To the northeast stood the fortress, square with cylindrical corner towers. There were two gates: Porta Fuori to the east, Porta Chiese to the west, each protected by a ravelin.

At the head of the fortress was a governor with a military garrison; at the old castle, near the Torre delle Polveri, was another minor garrison, under the orders of a Magnifico Castellano.

== Infrastructure and transportation ==

=== Roads ===
The municipality is traversed by Strada statale 343, to which Asola gives its name.

=== Railways ===
The Asola station, located on the Brescia-Parma railway, is served by regional trains operated by Trenord and timed on an hourly basis as part of the service contract stipulated with the Lombardy Region.

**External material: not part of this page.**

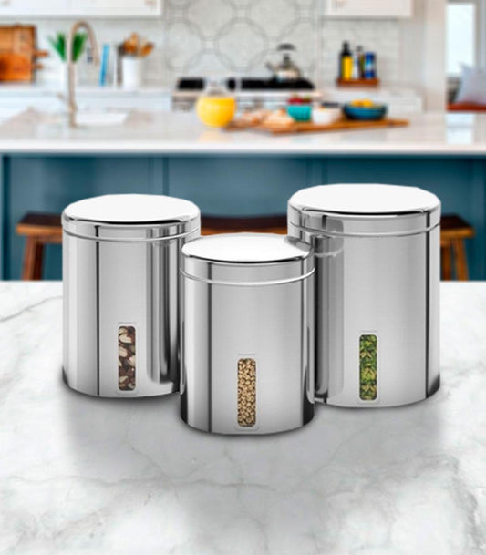 Conjunto Potes P/Mantimentos C/Tampa E Visor-3Pcs

In the past it offered connections with two suburban tramways, the Cremona-Asola, operating between 1929 and 1955, and the Mantova-Asola, operating between 1886 and 1933.

=== Urban mobility ===
Asola is connected to Mantua by two APAM lines: one direct to Castiglione delle Stiviere and the other to Mantua; and by ARRIVA ITALIA s.p.a by a direct line to Cremona.